When I asked Kerry how Sept. 11 had changed him, either personally or politically, he seemed to freeze for a moment.
''It accelerated -- '' He paused. ''I mean, it didn't change me much at all. It just sort of accelerated, confirmed in me, the urgency of doing the things I thought we needed to be doing. I mean, to me, it wasn't as transformational as it was a kind of anger, a frustration and an urgency that we weren't doing the kinds of things necessary to prevent it and to deal with it.''
...''We need to engage more directly and more respectfully with Islam, with the state of Islam, with religious leaders, mullahs, imams, clerics, in a way that proves this is not a clash with the British and the Americans and the old forces they remember from the colonial days.

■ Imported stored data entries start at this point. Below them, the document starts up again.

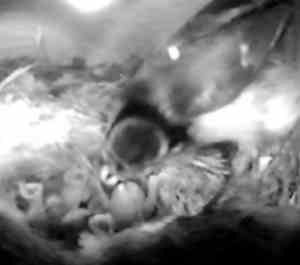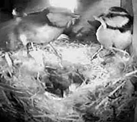 night. Tuesday 9 May was a humid day (max 24C), cloudy with some sunshine in the afternoon followed by a short period of heavy rain. Eight chicks is still the confirmed total so far. Feeding continued all day from 5.36, with the male appearing with food within a couple of minutes. On of the first things the female did was to take out of the box the largest piece of eggshell left from last night. I counted the number of feeds by each parent over a 6 hour period starting at 1pm. The female brought food 58 times and the male 64 times. The rain just after 5pm disrupted things somewhat. The female spent nearly 20 minutes in the box, sitting on the chicks for most of the time and doing a bit of preening. As soon as the rain eased the male, who looked soaked, went into overdrive and in the next 45 minutes he arrived at the box with food 20 times. In the same period the female made 10 trips. On a number of occasions, if parents were in the box at the same time, the food was passed from one to the other before being offered to the chicks. Inevitably now the parent seems to try each mouth for size or eagerness as the food is offered. Often, after the food has been eaten, one of the chicks then presents its rear end and voids its white,encapsulated droppings which the parent either eats or takes out of the nest. In the following sequence the male feeds a chick with a mealworm. The same chick then does a headstand. The male waits until the 'package' is presented. He then takes it and leaves the box.
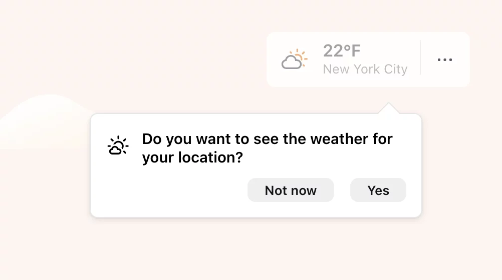 - Для пользователей в ЕС и некоторых других странах стал доступен процесс добровольного включения виджета погоды на новой вкладке. Пользователи могут самостоятельно решить, нужно ли разрешить браузеру определять местоположение или лучше указать его вручную.
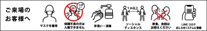 ・手洗い、消毒、ソーシャルディスタンスの確保、サーモグラフィ等による発熱検査へのご協力をお願いします。
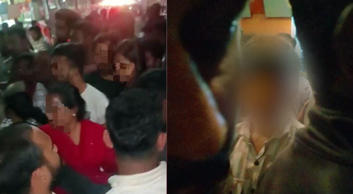ഈസമയം തൊട്ടടുത്ത ശുചിമുറിയിലിരുന്ന് ഒരാൾ മൊബൈൽ ഫോണിൽ ദൃശ്യങ്ങൾ പകർത്തുന്നതു ശ്രദ്ധയിൽപെട്ടു. ബഹളം വച്ചതോടെ ആളുകൾ ഓടിയെത്തി യുവാവിനെ പിടികൂടി പരിശോധിച്ചു. മൊബൈൽഫോണിൽ നിരവധി സ്ത്രീകളുടെ ശുചിമുറി ദൃശ്യങ്ങൾ കണ്ടെത്തി. ഇതോടെ ആൾക്കൂട്ട മർദ്ദനമുണ്ടായി.വിവരമറിഞ്ഞെത്തിയ പൊലീസ് തിയേറ്റർ ജീവനക്കാരനായ പ്രായപൂർത്തിയാകാത്തയാളെ കസ്റ്റഡിയിലെടുത്തു. മറ്റൊരു ജീവനക്കാരൻ രാജേഷിന്റെ അറിവോടയാണു ദൃശ്യങ്ങൾ പകർത്തിയെന്ന മൊഴിയുടെ അടിസ്ഥാനത്തിൽ ഇയാൾക്കെതിരെയും കേസെടുത്തു. പിടിയിലായ ആൾ ഉത്തരേന്ത്യൻ സ്വദേശിയാണന്നും ഇയാളെ മർദ്ദിച്ചവർക്കെതിരെ കേസെടുക്കുമെന്നും മഡിവാള പൊലീസ് അറിയിച്ചു.
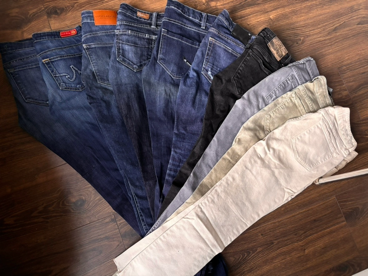 All 10 slim crop ankle length low rise jeans: 1 JBrand medium wash; 1 AG medium-dark wash; 1 Lucky Brand medium-dark wash; 1 Paige dark denim; 1 Parasuco dark wash; 1 Zara dark slightly distressed denim; 1 Zara black wash; ; 1 Zara grey distressed wash; 1 Zara light khaki olive wash; 1 JCrew ecru denim — average size 00 XS 24” waist 28” inseam zip fly
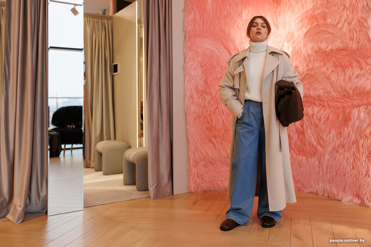 — Вместе с тренчем мы решили показать еще один тренд — штормовик. Это характерный элемент в тренче, который, как правило, не используется в пальто. Он защищает от ветра и выглядит акцентно. Тренч выполнен в нейтральном светлом бежевом оттенке, который тоже актуален этой весной.
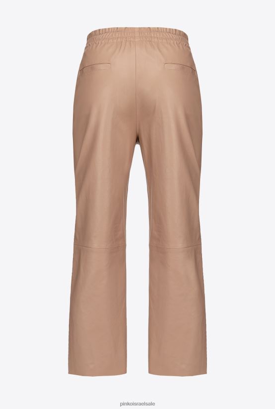 מכנסיים ישרים ורגועים מעור קל משקל במיוחד עם מותניים אלסטיות גבוהות, כיסים אנכיים בצדדים וכיסי רצועות בגב. בטנת כותנה טהורה.

And that's all about your diplomacy. . . .A new presidency with the right moves, the right language, the right outreach, the right initiatives, can dramatically alter the world's perception of us very, very quickly."Deacon at Powerline comments:
In this passage Kerry is simultaneously (a) blaming American colonialism (or the inability to disassociate ourselves from the colonialist past of the British) for the heightened threat posed by terrorism, (b) claiming that we can end that level of threat through language, outreach, and diplomatic initiatives, and (c) admitting that even an event like 9/11 was insufficient to shake this Carteresque mentality.
Actually, I think the quote can be summarized fairly easily as an Everything-I-Need-to-Know-I-Learned-in-Kindegarten approach to foreign policy. You just have to be nicer. You just have to refrain from being mean to the other kids. It's amazing--just share and put things where they belong and speak in the right tone of voice and it all turns out wonderful.